WHAT THE TASK REQUIRES: Give a verbatim copy of the data, leaving the pictures out.

-- MATERIAL PROVIDED follows --

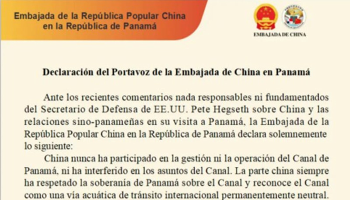 بیجنگ : امریکی وزیر دفاع پیٹ ہیگزتھ نے پاناما کے دورے کے دوران چین اور چین پاناما تعلقات کے بارے میں غیر ذمہ دارانہ بیان دیا۔ اس حوالے سے پاناما میں چینی سفارت خانے کے ترجمان نے ایک سنجیدہ بیان جاری کیا ہے۔بدھ کے روزبیان میں کہا گیا ہے کہ چین نے کبھی بھی پاناما کینال کے انتظام اور آپریشن میں حصہ نہیں لیا اور نہ ہی کبھی کینال کے معاملات میں مداخلت کی ہے۔تاریخی طور پر کینال کو صرف ایک ہی بار کاٹا گیا، اور وہ امریکی جارحیت کی وجہ سے تھا۔اعلامیے کے مطابق چین اور پاناما نے نومبر 2017 میں بیلٹ اینڈ روڈ انیشٹو پر مفاہمت کی یادداشت پر دستخط کیے تھے اور دونوں ممالک کے درمیان تعاون کے کامیاب نتائج برآمد ہوئے ہیں جس سے پاناما اور اس کے عوام کو ٹھوس فوائد حاصل ہوئے ہیں۔ امریکہ اپنے جغرافیائی سیاسی مقاصد کے تحت چین پاناما تعاون کو کمزور کرنے کی کوشش کر رہا ہے جس سے امریکہ کی تسلط پسندانہ پالیسی بے نقاب ہو رہی ہے ۔بیان میں اس بات پر زور دیا گیا کہ امریکہ اور پاناما کے تعلقات صرف دو طرفہ نہیں ہونے چاہئیں۔ چین کے ساتھ تعلقات کی ترقی، ایک خودمختار ملک کی حیثیت سے پاناما اور پاناما کے عوام کا انتخاب ہے اور امریکہ کو اس میں مداخلت کا کوئی حق نہیں ۔ چین نے امریکہ پر زور دیا ہے کہ وہ پاناما سمیت لاطینی امریکہ اور ترقی پذیر کیریبین ممالک پر اپنی بالادستی اور استحصال پر غور کرے اور چین کو بدنام کرنا بند کرے۔
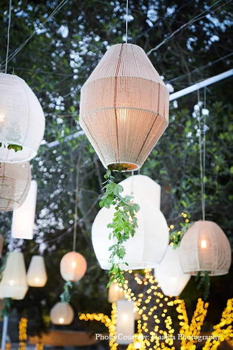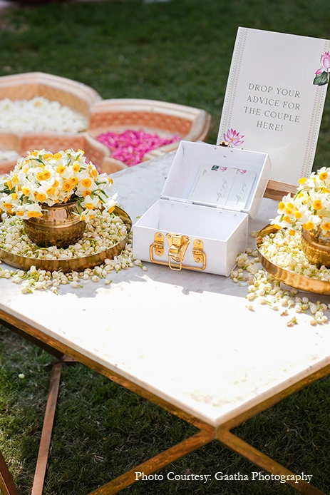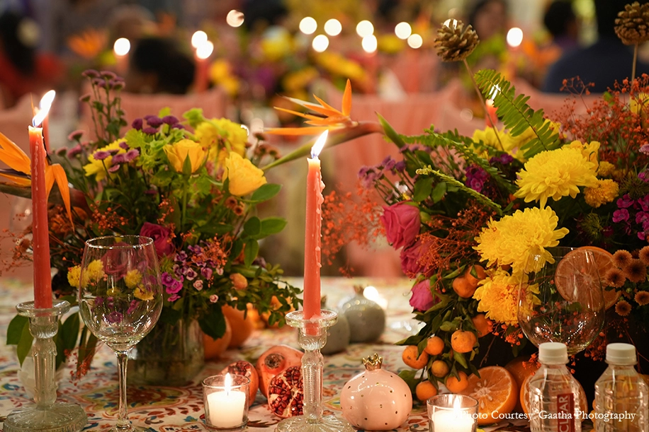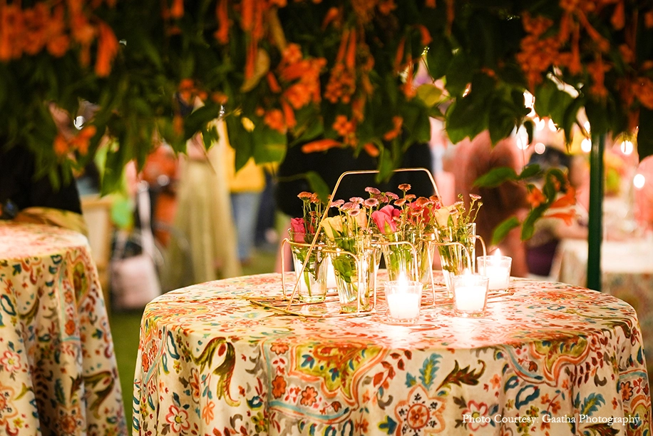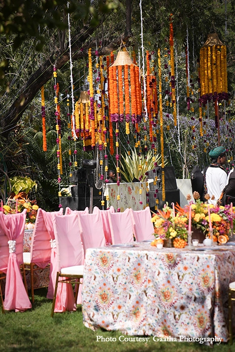 Kicking off the celebrations was a vibrant Mehndi sundowner in a ‘Quirky Marigold’ theme where bright Marigolds accentuated the pink tones used in the decor. Adding a dash of freshness under the dazzling sun were citrus-fruit adorned centerpieces on the table. Namita shares, “We used Marigolds generously whereby the flower garden around the dancefloor and colorful hangings were laden with marigolds with pretty pink flowers scattered in between them that struck an attractive contrast. Strategically placed cane baskets further added to the quirk factor of the event.”
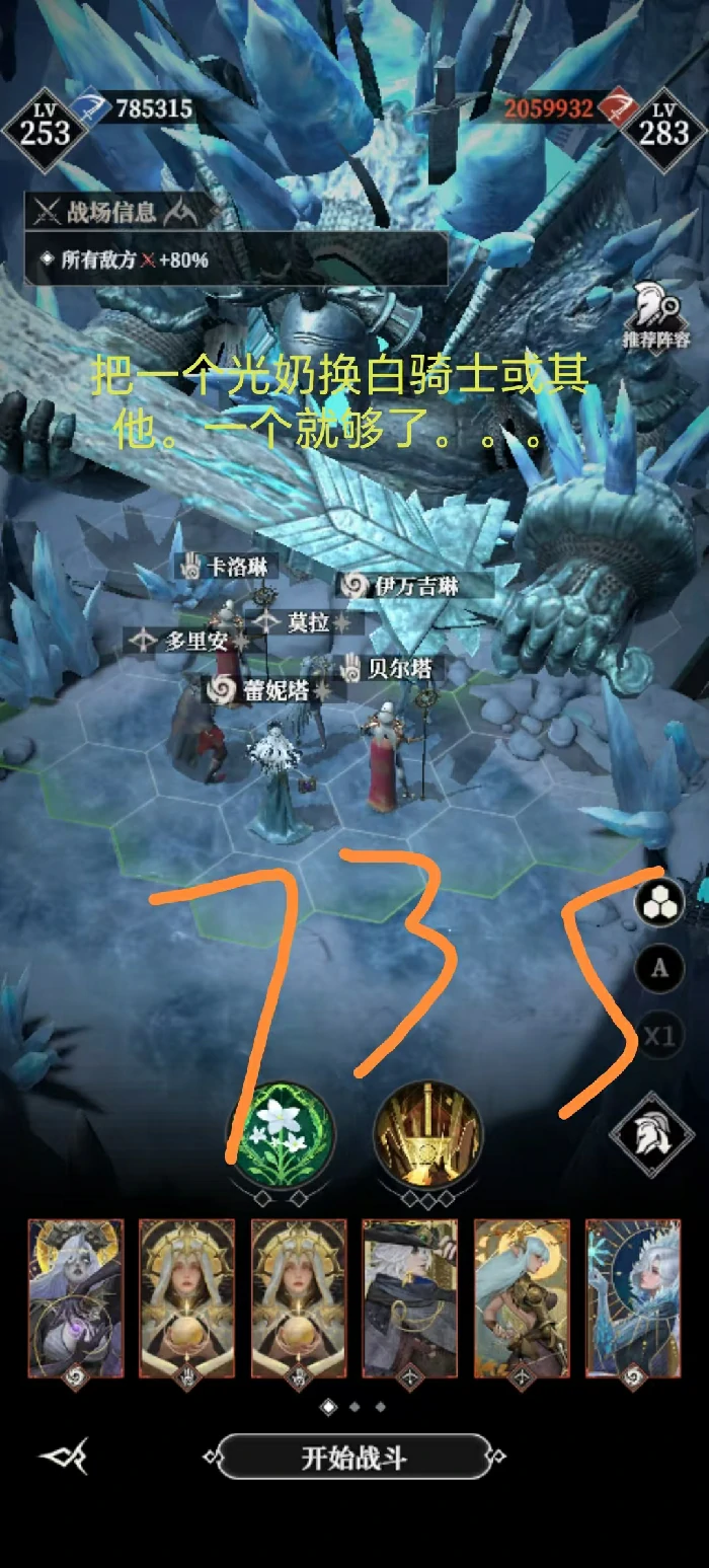 阵容配置:冰法穿吸血套装,减速并输出;莫拉配吸血套装与氪金弓,削减能量并补充伤害;白骑士用吸血套装,主打攻击与持续伤害(可替换其他输出);骨女、迅矢和光奶统一配置能量套装。近战、弓手、法师三套吸血装可完整分配,装备不足可用能量套替代。

-- MATERIAL PROVIDED concluded --

REPLY TO THE EXERCISE:
 بیجنگ : امریکی وزیر دفاع پیٹ ہیگزتھ نے پاناما کے دورے کے دوران چین اور چین پاناما تعلقات کے بارے میں غیر ذمہ دارانہ بیان دیا۔ اس حوالے سے پاناما میں چینی سفارت خانے کے ترجمان نے ایک سنجیدہ بیان جاری کیا ہے۔بدھ کے روزبیان میں کہا گیا ہے کہ چین نے کبھی بھی پاناما کینال کے انتظام اور آپریشن میں حصہ نہیں لیا اور نہ ہی کبھی کینال کے معاملات میں مداخلت کی ہے۔تاریخی طور پر کینال کو صرف ایک ہی بار کاٹا گیا، اور وہ امریکی جارحیت کی وجہ سے تھا۔اعلامیے کے مطابق چین اور پاناما نے نومبر 2017 میں بیلٹ اینڈ روڈ انیشٹو پر مفاہمت کی یادداشت پر دستخط کیے تھے اور دونوں ممالک کے درمیان تعاون کے کامیاب نتائج برآمد ہوئے ہیں جس سے پاناما اور اس کے عوام کو ٹھوس فوائد حاصل ہوئے ہیں۔ امریکہ اپنے جغرافیائی سیاسی مقاصد کے تحت چین پاناما تعاون کو کمزور کرنے کی کوشش کر رہا ہے جس سے امریکہ کی تسلط پسندانہ پالیسی بے نقاب ہو رہی ہے ۔بیان میں اس بات پر زور دیا گیا کہ امریکہ اور پاناما کے تعلقات صرف دو طرفہ نہیں ہونے چاہئیں۔ چین کے ساتھ تعلقات کی ترقی، ایک خودمختار ملک کی حیثیت سے پاناما اور پاناما کے عوام کا انتخاب ہے اور امریکہ کو اس میں مداخلت کا کوئی حق نہیں ۔ چین نے امریکہ پر زور دیا ہے کہ وہ پاناما سمیت لاطینی امریکہ اور ترقی پذیر کیریبین ممالک پر اپنی بالادستی اور استحصال پر غور کرے اور چین کو بدنام کرنا بند کرے۔
 Kicking off the celebrations was a vibrant Mehndi sundowner in a ‘Quirky Marigold’ theme where bright Marigolds accentuated the pink tones used in the decor. Adding a dash of freshness under the dazzling sun were citrus-fruit adorned centerpieces on the table. Namita shares, “We used Marigolds generously whereby the flower garden around the dancefloor and colorful hangings were laden with marigolds with pretty pink flowers scattered in between them that struck an attractive contrast. Strategically placed cane baskets further added to the quirk factor of the event.”
 阵容配置:冰法穿吸血套装,减速并输出;莫拉配吸血套装与氪金弓,削减能量并补充伤害;白骑士用吸血套装,主打攻击与持续伤害(可替换其他输出);骨女、迅矢和光奶统一配置能量套装。近战、弓手、法师三套吸血装可完整分配,装备不足可用能量套替代。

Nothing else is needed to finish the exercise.